Kondisi ini juga dinilai memunculkan masalah peradaban. Selama 300 tahun terakhir, mengikuti usia sains modern, tidak ada nama anak dari benua Muslim yang dikaitkan dengan pencapaian ilmiah tingkat pertama (kaliber Nobel) (setelah 1974 Salam harus dikecualikan). 

Terlepas dari upaya gagah berani Sir Syed Ahmad Khan (1817-1898), Muslim India menghindari sains dan bahasa Inggris. 

Karena seseorang tidak dapat menemukan pahlawan sains Muslim yang berasal tanah Pakistan, buku-buku untuk anak-anak tak pelak memuliakan orang-orang Arab dari Zaman Keemasan, seperti Al-Battani, Ibn-e-Shatir, Ibn-e-Haytham, dan lain-lain. 

Meski tokoh-tokoh ilmu pengetahuan Muslim ini adalah pemecah jalan sejati, penganut jalan tengah, mereka tidak berfungsi dengan baik sebagai panutan. 

Orang-orang dari abad lalu tidak dapat menginspirasi anak-anak hari ini. Alasan lain, kegembiraan diilhami oleh orang-orang 'dari jenis Anda sendiri', dimana orang Arab jelas berbeda dari orang-orang di sekitar wilayah itu. 

Ilmuwan Hindu kuno bisa saja menemukan beberapa tempat dalam buku-buku Pakistan. Namun, mereka dikecualikan dengan alasan ideologis karena ‘woh hum main say nahin hain’ (mereka bukan kita).

Baca juga: Gus Baha: Dulu Orang Berkorban untuk Negara, Kini Malah Meminta 

Sebaliknya, banyak orang Pakistan dengan cemas mencari akar leluhur di Arab, Afghanistan dan Asia Tengah. 

Ideologi dan sains seperti minyak dan air, dimana mereka menolak untuk bercampur. Sains hanya peduli tentang fakta dan logika, bukan suka dan tidak suka pribadi.  

Sejarah disebut penuh dengan contoh-contoh upaya yang gagal untuk memadukan sains dengan keyakinan yang dijunjung tinggi. Ketika Stalin berusaha memaksakan pandangan Marxisnya pada biologi Soviet melalui pialang pilihannya, Trofim Lysenko hampir menghancurkan pertanian dan kehutanan. 

"Nasib baik Soviet Rusia adalah ia memiliki komunitas ilmiah yang cukup kuat untuk melawan campur tangan Lysenko. Pakistan belum begitu beruntung," katanya. 

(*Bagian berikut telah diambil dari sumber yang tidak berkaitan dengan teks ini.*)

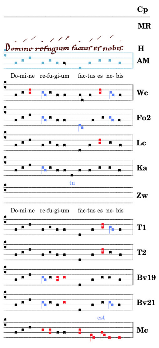 Offensichtlich verstehen die diastematischen Handschriften diesen bildhaften Umgang mit der Melodie nicht. Sie versuchen alle, die Vorgabe von H mit der Norm in Einklang zu bringen. Dass die Vorgabe wirklich „sol-sol-sol“ ist, beweist das leichte Ansteigen der Virgae in H.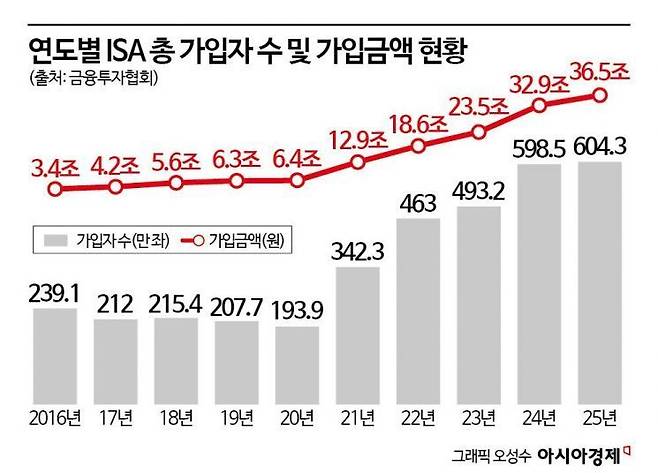 재테크에 관심이 있다면 한 번쯤 들어봤을 법한 ISA. ISA는 Individual Saving Account의 줄임말로 '개인종합자산관리계좌'로 불린다. 국내 상장주식부터 펀드, ETF, 리츠(부동산투자신탁), 주가연계증권(ELS), 예·적금 등 다양한 금융상품을 한 곳에서 관리하고 투자할 수 있는 절세형 상품이다. ISA는 2016년 종합적인 자산관리로 재산 형성을 돕기 위해 출시됐다. 금융투자협회에 따르면 출시 이후 9년 만에 가입자 수가 604만3000명, 가입금액은 36조5408억원을 기록했다.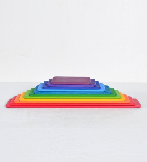 This wonderful solid wood Rainbow Building Boards set is the perfect complement to the 12 piece rainbows, tunnels and opens up a myriad of imaginative play opportunities. The Rainbow Building Boards come with 11 birch ply pieces in a rainbow of colors and varying sizes. Use them as a creative puzzle to be played on the floor, or in combination with our 12 piece rainbow or other building blocks, one can build inventive and flexible dollhouses These slim building boards in a variety of sizes come in handy when building and balancing. The simple flat lengths are a great companion to the 12 piece rainbow. Set includes boards in sizes from 7 x 10 to 36 cm x 0.6 cm and is suitable from 12 months. It is made from Russian Birch ply and naturally stained using non-toxic, water-based color. Minimal colors finish allows the grain of the wood to shine through and ensures that this toy is safe for young children. Children will have hours of endless educational fun with our Heirloom quality Rainbow Boards which fire up their imagination, maybe today they will just make patterns but tomorrow they could be used to build a rocket. Each of our toys is completely designed and handcrafted in our toy shop. Our fun toys are lovingly made using sustainable wood and non-toxic finishes, so they safe for little hands and are sure to be a favorite for many years to come! Just for the natural variation in the wood, each handcrafted toy has its own unique character. Variations in wood grain, color, knots, texture all natural occurrences in these hand-stained wooden products. Each toy will likely vary slightly from the other one but will be equally awesome. Toy Meets the EN71 and ASTM toy safety standards for Europe and America.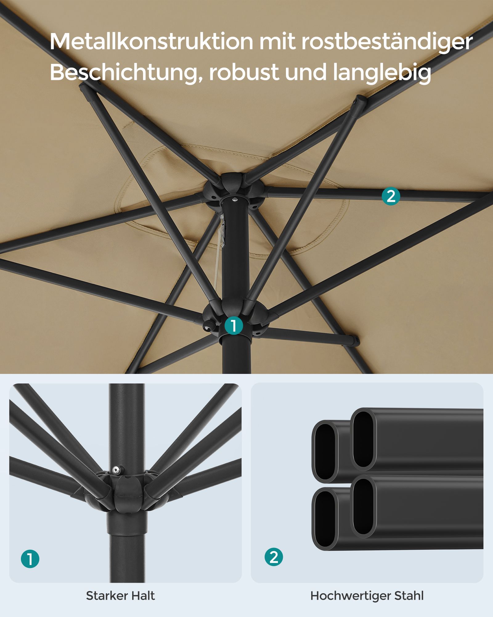 Materiale: St?lramme, paraplydug af 180 g/m? polyesterstof
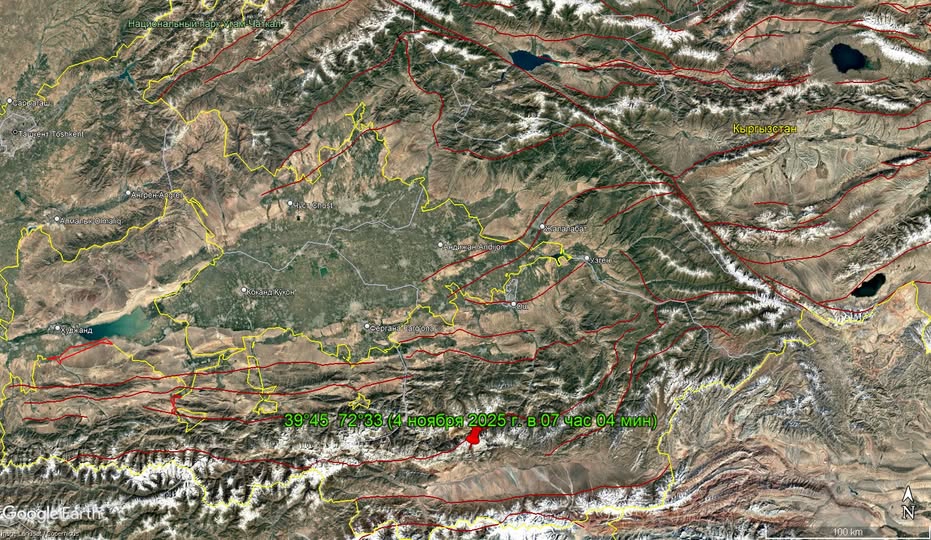 Как сообщили в Институте сейсмологии, по предварительной информации, очаг землетрясения располагался в районе Алайского хребта, в 20 километрах к северо-западу от села Кашка-Суу, в 28 километрах к юго-востоку от села Кара-Отек, в 87 километрах к юго-западу от Оша.

Meskipun ada Kementerian Sains, beberapa badan ilmiah, serta ratusan institusi yang mengaku mengajar atau melakukan penelitian dalam sains, tidak ada komunitas ilmuwan sejati. 

Badan-badan ilmiah yang terdengar tinggi, seperti Akademi Ilmu Pengetahuan Pakistan, disebut sebagai lelucon mengingat posisinya yang tidak dihormati secara internasional dan harus dibubarkan. 

Setiap jenis usaha intelektual, termasuk sains, membutuhkan lingkungan budaya dan sosial yang memungkinkan untuk berkembang. Sains bisa tercekik ketika para ilmuwan dinilai berdasarkan agama, ras, etnis, atau kriteria apa pun selain pencapaian ilmiah. 

"Sebelum Pakistan dapat menghasilkan ilmu yang sesuai dengan namanya, Pakistan harus mengatasi prasangka yang dianutnya. Ia harus belajar menghargai semua orang yang berbagi warisan bersama umat manusia," lanjut Hoodbhoy.